Pelissero (Aiop): “Il numero di posti letto non può essere criterio per chiudere Case di cura”
Nelle ultime settimane il dibattito è stato animato soprattutto dal tema dei piccoli ospedali e delle piccole case di cura e sulla possibilità di chiudere o meno queste strutture. “La discussione è stata però troppo spesso viziata da valutazioni quantitative – mette in guardia – mentre bisogna elaborare i giudizi sulla base della funzionalità”. E su questo aspetto Pelissero chiarisce quali sono i criteri da adottare. “Non ha senso fissare delle soglie numeriche per i posti letto, perché così si rischia di ragionare in astratto e di penalizzare l’efficacia. E’ invece molto più utile valutare il conto economico mettendo in relazione il valore delle prestazioni erogate e il costo della struttura”. Un approccio basato esclusivamente su una visione dimensionale non basta, anzi può deformare la realtà. “E’ fondamentale riuscire a contestualizzare – sottolinea – Per esempio in molte realtà europee, Austria e Svizzera in primis, ci sono ospedali da 40-45 unità. Nessuno propone di chiuderli, poiché presentano un elevatissimo tasso di efficienza.
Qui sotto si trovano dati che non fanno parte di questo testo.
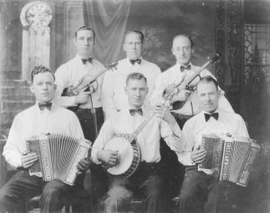 Ce mardi 13 janvier,Mathilde nous présente un reel emblématique du style Sligo : “The Tailor’s Thimble”, qui figure parmi les enregistrements mythiques réalisés en 1929 à New York par le fiddler James Morrison (en haut à gauche sur la photo, et oui, le Morrison de la célèbre Morrison’s jig, c’est lui!) et le flûtiste John McKenna, déjà évoqué à l’occasion de l’apprentissage du tune The Sailor’s Bonnet ainsi que Farewell to Whisky et The Dark Lady Dressed in Blue.
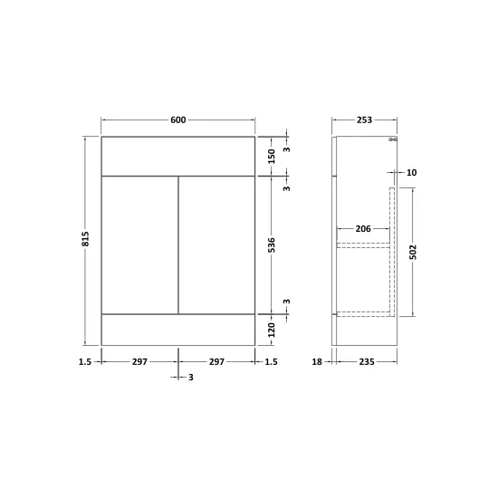 Krest 600mm Slab Vanity Unit - 253mm Deep
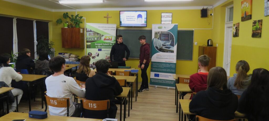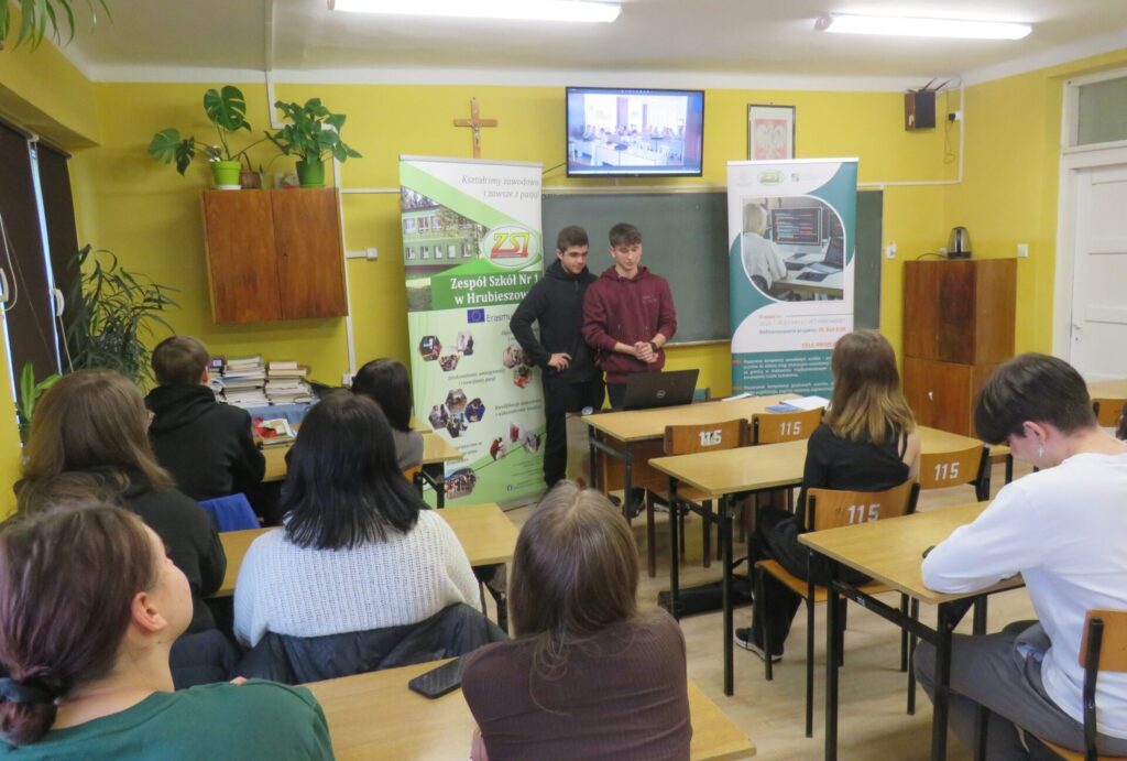 Uczniowie z Zespołu Szkół nr 1 w Hrubieszowie, kształcący się w zawodzie technik informatyk, podzielili się ze swoimi koleżankami i kolegami wiedzą i doświadczeniem zdobytymi podczas zagranicznego stażu w Grecji, przedstawiając prezentacje multimedialne.

E lo stesso principio deve valere anche per l’Italia. Non si dismettono le piccole strutture a priori, perché potrebbero essere molto funzionali per il loro ambiente di riferimento. Invito a costruire coefficienti che includano tre aspetti essenziali: il rapporto tra costi e ricavi, il profilo ambientale e le dinamiche organizzative”.
Nel complesso Pelissero ha poi lanciato un appello affinché “la sanità non sia più aggredita da manovre di cassa che hanno sfiancato la sanità, soprattutto dal 2011 a oggi – attacca – prima con Tremonti e poi con una spending review calibrata su criteri sconsiderati. Questo non significa però restare immobili, ma sviluppare la capacità di aggredire gli sprechi per innescare qualità ed efficienza. E in questo senso una delle priorità è costituita dalla trasparenza, con la pubblicazione puntuale e completa dei bilanci per giudicare effettivamente il lavoro svolto”. Il presidente Aiop ha infine auspicato che venga del tutto accantonato l’approccio incentrato sui tagli lineari e che metta in campo “una revisione della spesa interna al Ssn, in modo che – conclude – le risorse liberate possano essere utilizzate per incrementare la qualità delle prestazioni erogate”.